_Raw data_

......

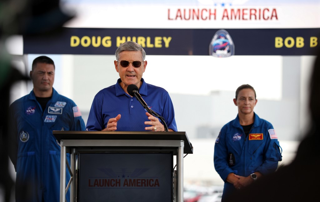 Kennedy Space Center Director Bob Cabana speaks about the weather outlook during a pre-launch briefing at the Kennedy Space Center in Florida on May 29, 2020. The SpaceX Falcon 9 rocket (rear) with the Crew Dragon capsule is rescheduled to launch to the International Space Station on May 30, carrying astronauts Bob Behnken and Doug Hurley. Gregg Newton / AFP
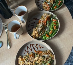 Отдыхали с 29.12.24 по 31 . 12 24, отлично провели время, девчонки ,просто, молодцы, встретили , заселили, накормили, есть кафе своё, очень удобно, еда просто супер, не во всех ресторанах так кормят, завтрак включён в стоимость проживания, а стоимость лучше не найти, на завтрак каждое утро новый и очень вкусный шедевр.Анна и Регина, большое Вам спасибо! Советую всем, не пожалеете.
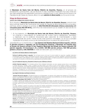 Fiscalización del Estado de Oaxaca, determina que subsiste la observación; por lo que se emiten:
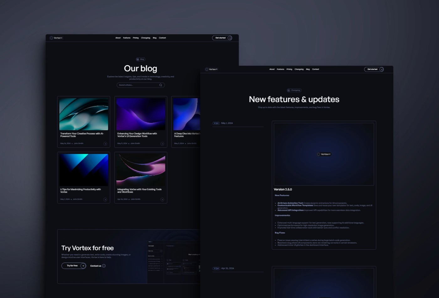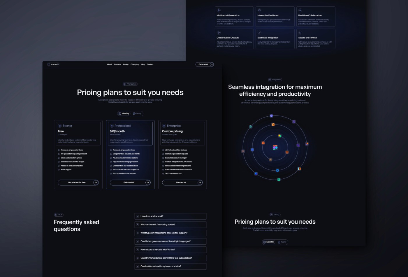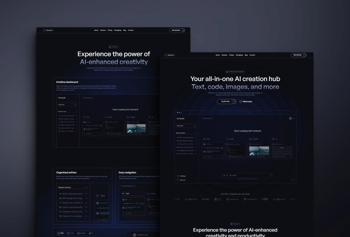 Perfect for startups and established companies alike, Vortex ensures your online presence reflects the cutting-edge innovation and sophistication of your AI and SaaS offerings.

......

_Task goal_
Please repeat the data verbatim and leave the pictures out of your copy.

_Written answer_
 Kennedy Space Center Director Bob Cabana speaks about the weather outlook during a pre-launch briefing at the Kennedy Space Center in Florida on May 29, 2020. The SpaceX Falcon 9 rocket (rear) with the Crew Dragon capsule is rescheduled to launch to the International Space Station on May 30, carrying astronauts Bob Behnken and Doug Hurley. Gregg Newton / AFP
 Отдыхали с 29.12.24 по 31 . 12 24, отлично провели время, девчонки ,просто, молодцы, встретили , заселили, накормили, есть кафе своё, очень удобно, еда просто супер, не во всех ресторанах так кормят, завтрак включён в стоимость проживания, а стоимость лучше не найти, на завтрак каждое утро новый и очень вкусный шедевр.Анна и Регина, большое Вам спасибо! Советую всем, не пожалеете.
 Fiscalización del Estado de Oaxaca, determina que subsiste la observación; por lo que se emiten:
 Perfect for startups and established companies alike, Vortex ensures your online presence reflects the cutting-edge innovation and sophistication of your AI and SaaS offerings.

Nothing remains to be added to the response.